July 2, 2011 by Carl McDonald

Chief Joseph Pass, MT to Hamilton, MT

Continental Divide crossings: 1

Total Divide crossings so far: 9

Miles: 64

Total miles so far: 3,742

The Bitterroot River as it flows north in the Bitterroot Valley

This is July 4th weekend.  The holiday falls on a Monday, so all over the country there are big plans being put into play.  While the nation celebrates, there are those who approach the date with a heavy heart.

I want to re-visit a topic I brought up a few days ago, regarding roadside memorials.  Allow me to explain that I did not wish to photograph any of the many, many roadside memorials we have encountered on this journey. For the purpose of this blog, regardless of how intimate some of the posts I have written, I thought it intrusive that I use a memorial photo in this journal.  That is…
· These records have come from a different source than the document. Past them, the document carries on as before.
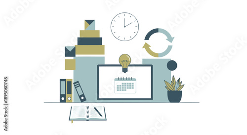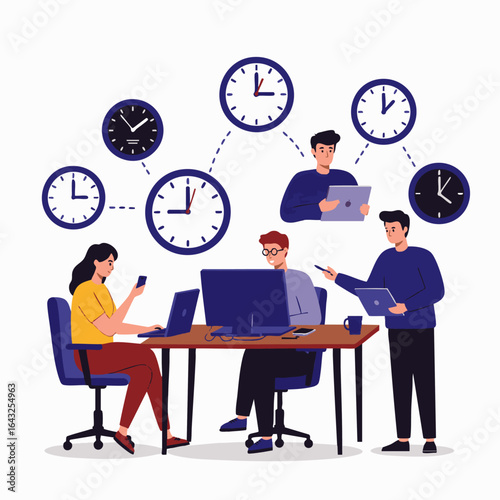 Pracovní prostor, vektorový plochý design ilustrace. Kancelářské pracoviště s postavami spolupracujícími. Softwaroví inženýři, pracovní stanice programátorů, proces kódování a programování, týmová spolupráce.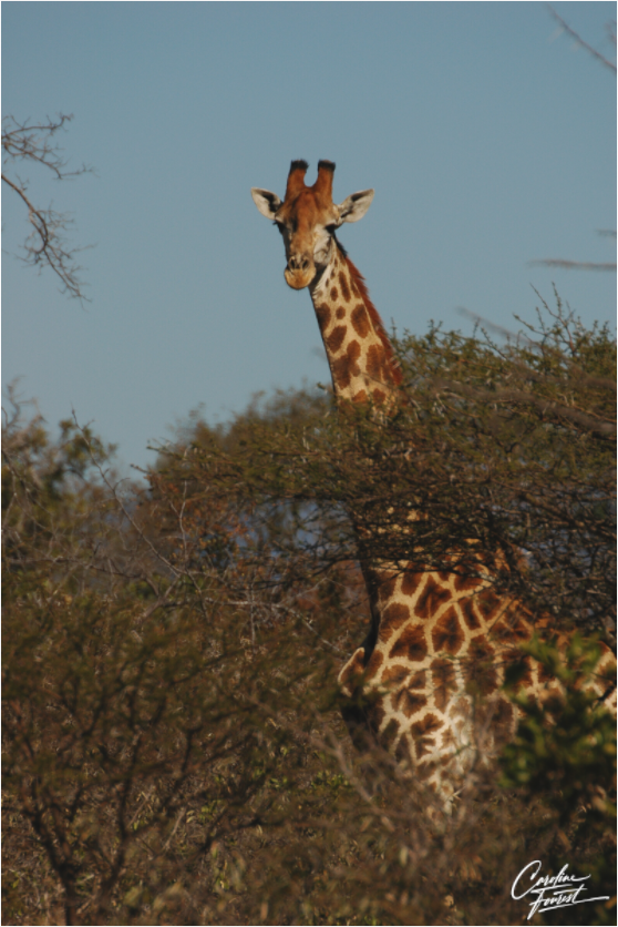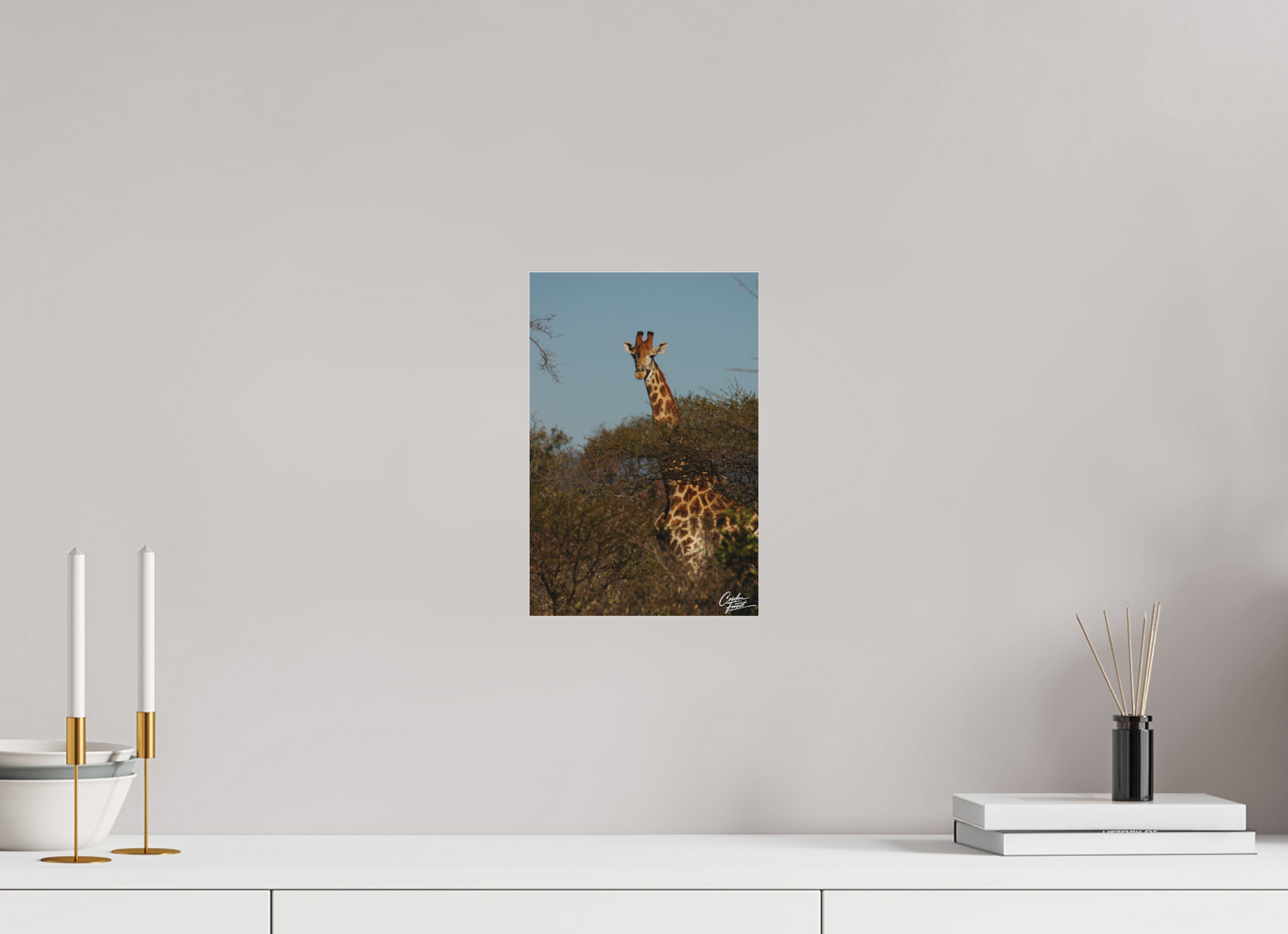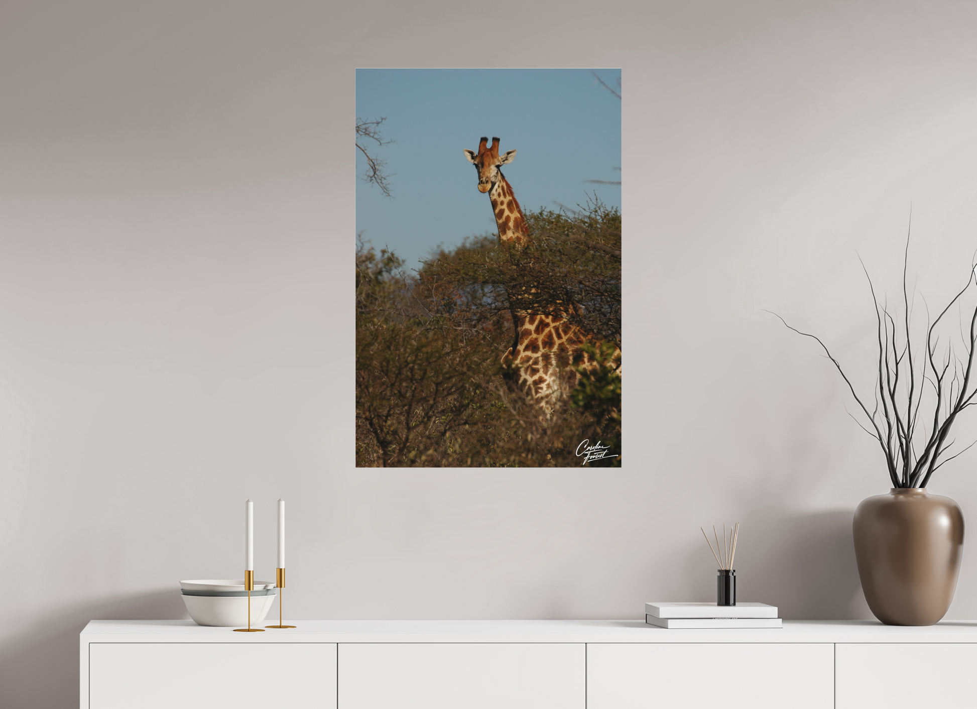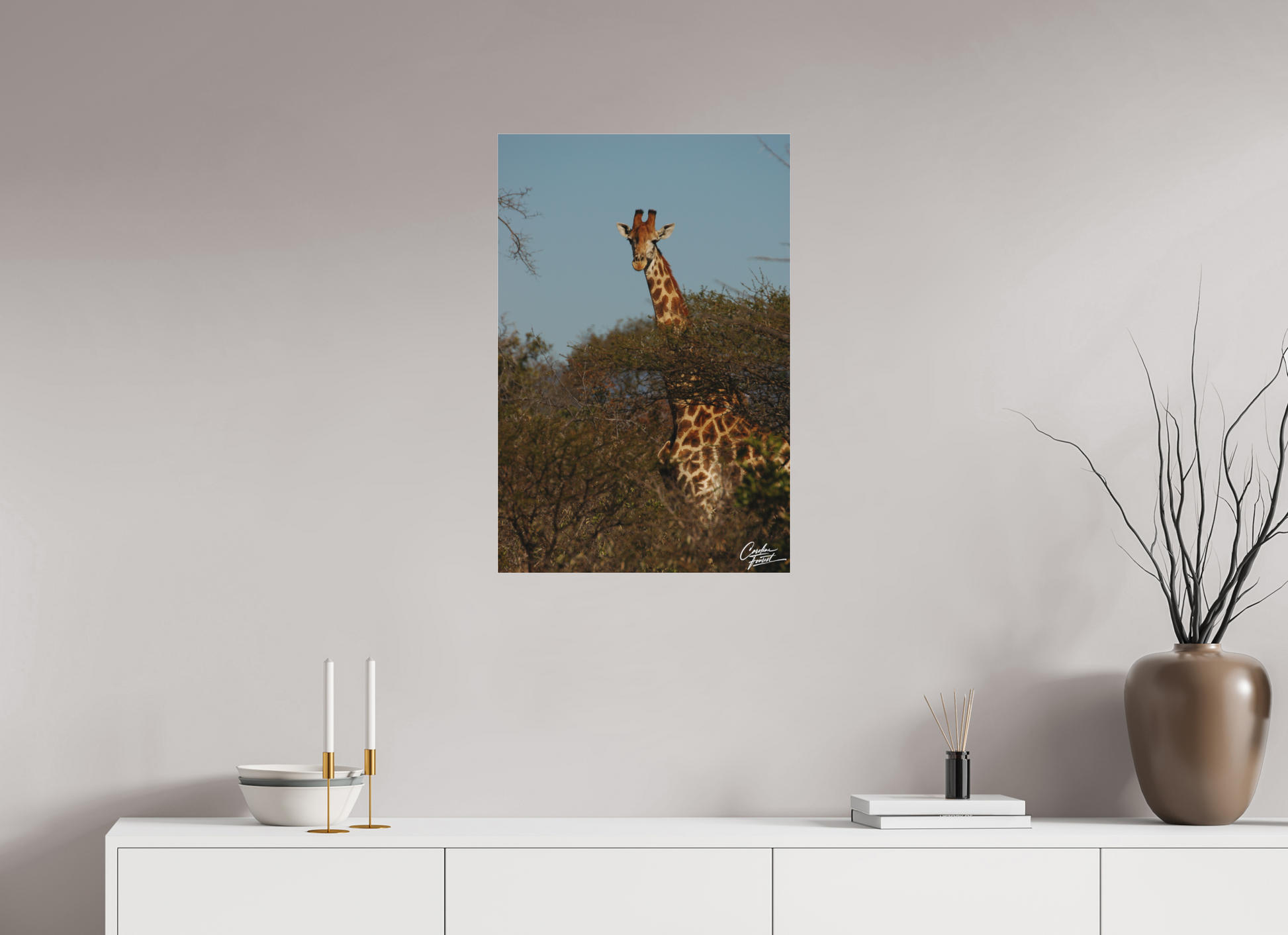A giraffe stands tall among the trees, its elegant form reaching towards the sky in a display of natural grace.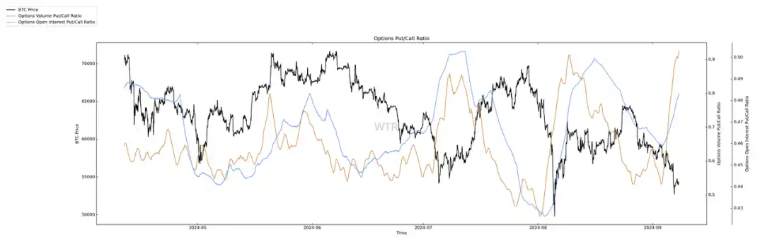 期权成交量,看跌期权比例均大量增加。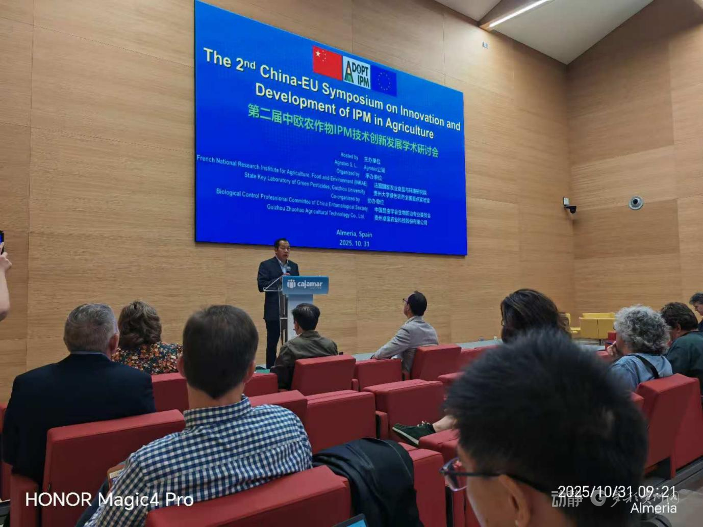 第二届“中欧农作物病虫害综合治理关键技术创新合作研究”项目年会暨第二届中欧农作物IPM技术创新发展学术研讨会,于2025年10月26日至11月1日在西班牙阿尔梅里亚市成功举办。作为去年在贵阳举办首届活动后进行的第二届,中方此次派出19名项目成员代表参会。中欧双方在地中海岸围绕共同关注的重要农作物病虫害综合治理技术,就已有科技成果、现存问题与下一步计划展开了深入交流。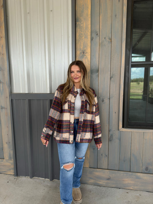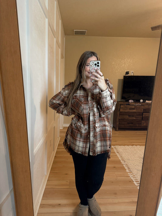 Harvest Wishes Oversized Plaid Shacket - Brown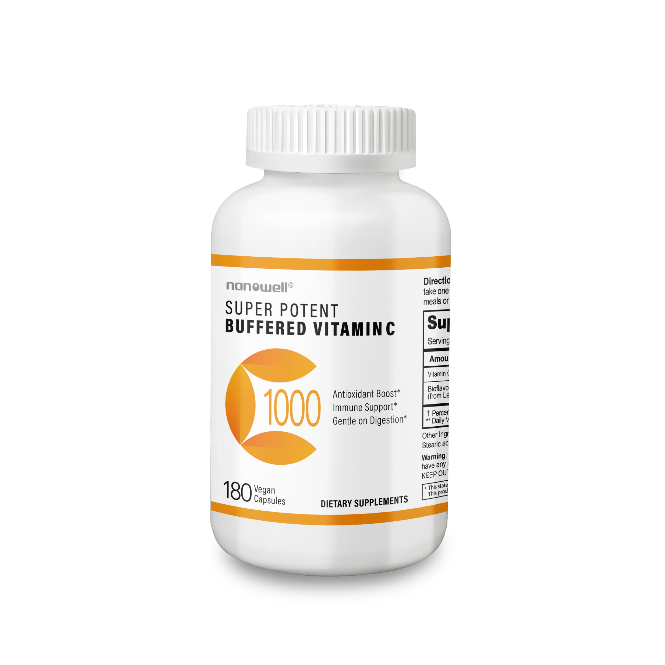 formation, essential for maintaining healthy skin, joints, and blood vessels. - Non-GMO and Gluten-Free: Nanowell® Buffered Vitamin C 1000mg with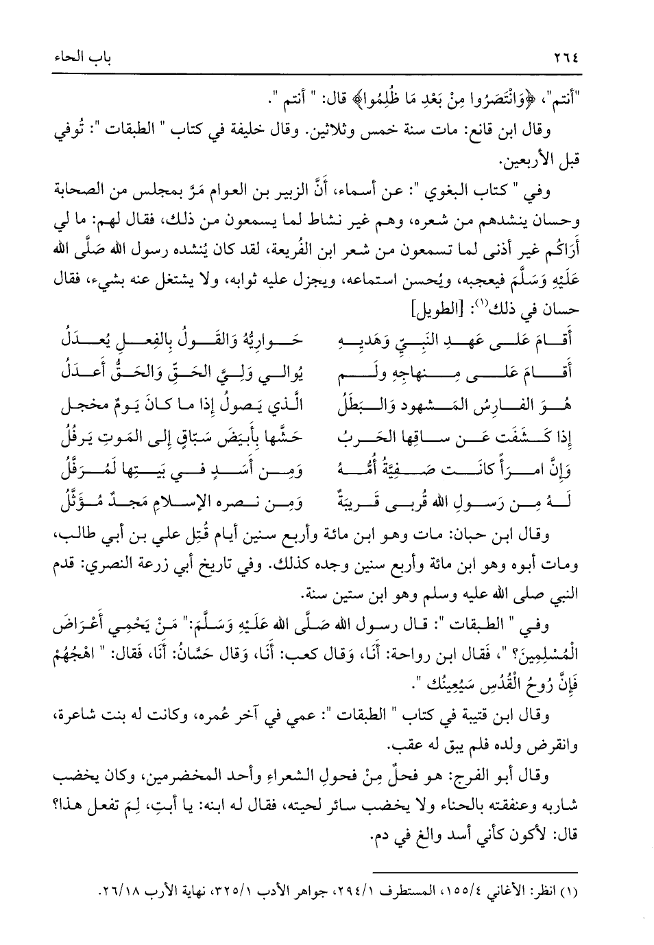 (¬١) انظر: الأغاني ٤/ ١٥٥، المستطرف ١/ ٢٩٤، جواهر الأدب ١/ ٣٢٥، نهاية الأرب ١٨/ ٢٦.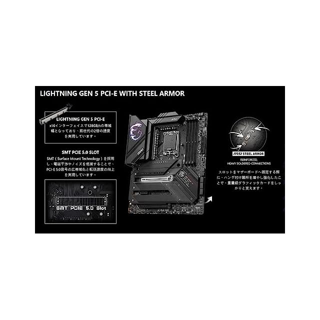 PCIe 5.0 x16スロットやM.2 Gen5スロットを搭載し、今後登場予定の最新パーツにも対応可能です。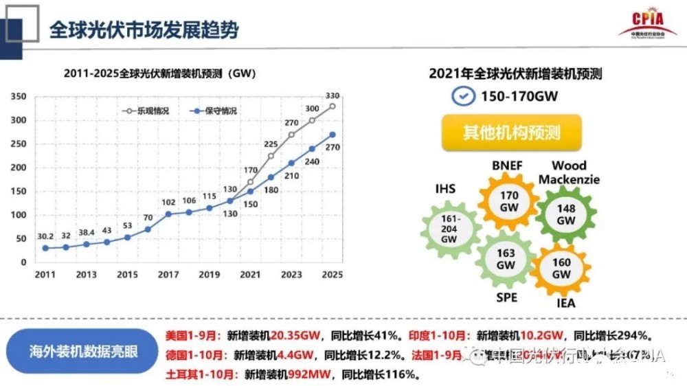 根據(jù)國(guó)際著名的研究機(jī)構(gòu)預(yù)測(cè),到2050年可再生能源發(fā)電量占比提升到90%,其中光伏和風(fēng)電占比63%,全球光伏裝機(jī)將超過(guò)14000GW。而在比較樂觀的情形下,2021-2026年光伏新增裝機(jī)將從160GW增到260GW,6年間光伏累計(jì)新增裝機(jī)量占可再生能源累計(jì)新增裝機(jī)量的60%。2021年全球光伏新增裝機(jī)預(yù)測(cè)達(dá)150-170GW。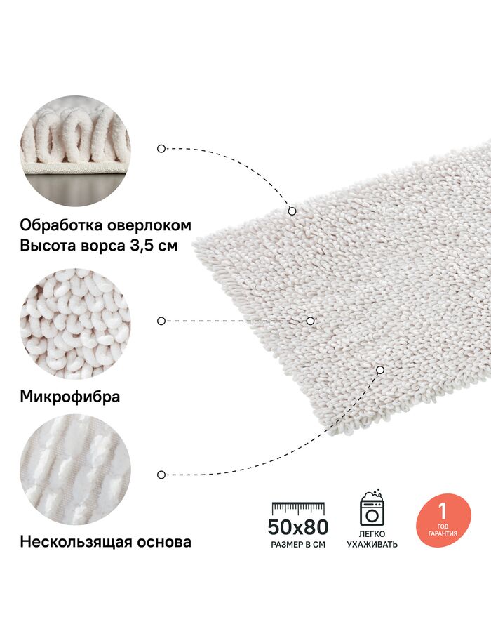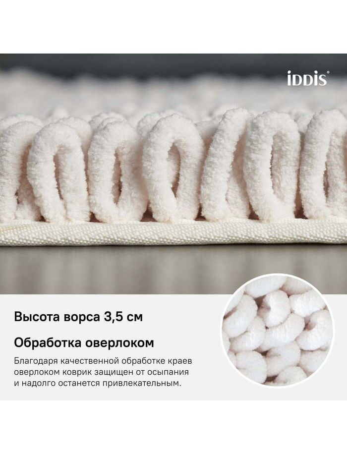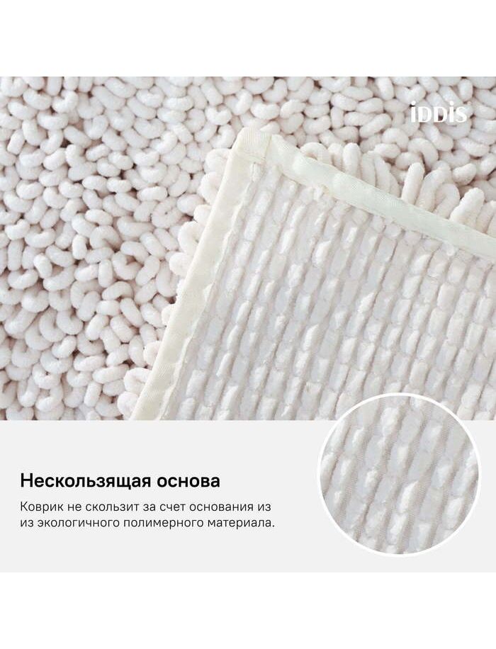 Плюшевый коврик для ванной нежного бежевого цвета с очень мягким и приятным на ощупь высоким ворсом (3,5 см) в виде плотных петель. Он отлично сохраняет тепло и держит форму, сохраняя красивый внешний вид. Коврик подойдет для ванной и туалета.• Этот коврик в ванную противоскользящий: нескользящая основа из экологичного полимерного материала (Hotmelt) не пропускает влагу и не впитывает запахи.

...until I saw this one today.

At a wider angle, it looks like this.

Not only is this one freshly decorated, but the caretaker of this marker of the heart took the time, trouble, and tools to the site to mow the grass and decorate the cross with a red white and silver pinwheel on the top, a fresh teddy bear just below, new flowers, and the other decorations seen.

Let me also state that some of what I am going to say may seem a little bizarre, and if it does, thank God you are not in a position to understand.  To understand is to know grief from unaccountable loss.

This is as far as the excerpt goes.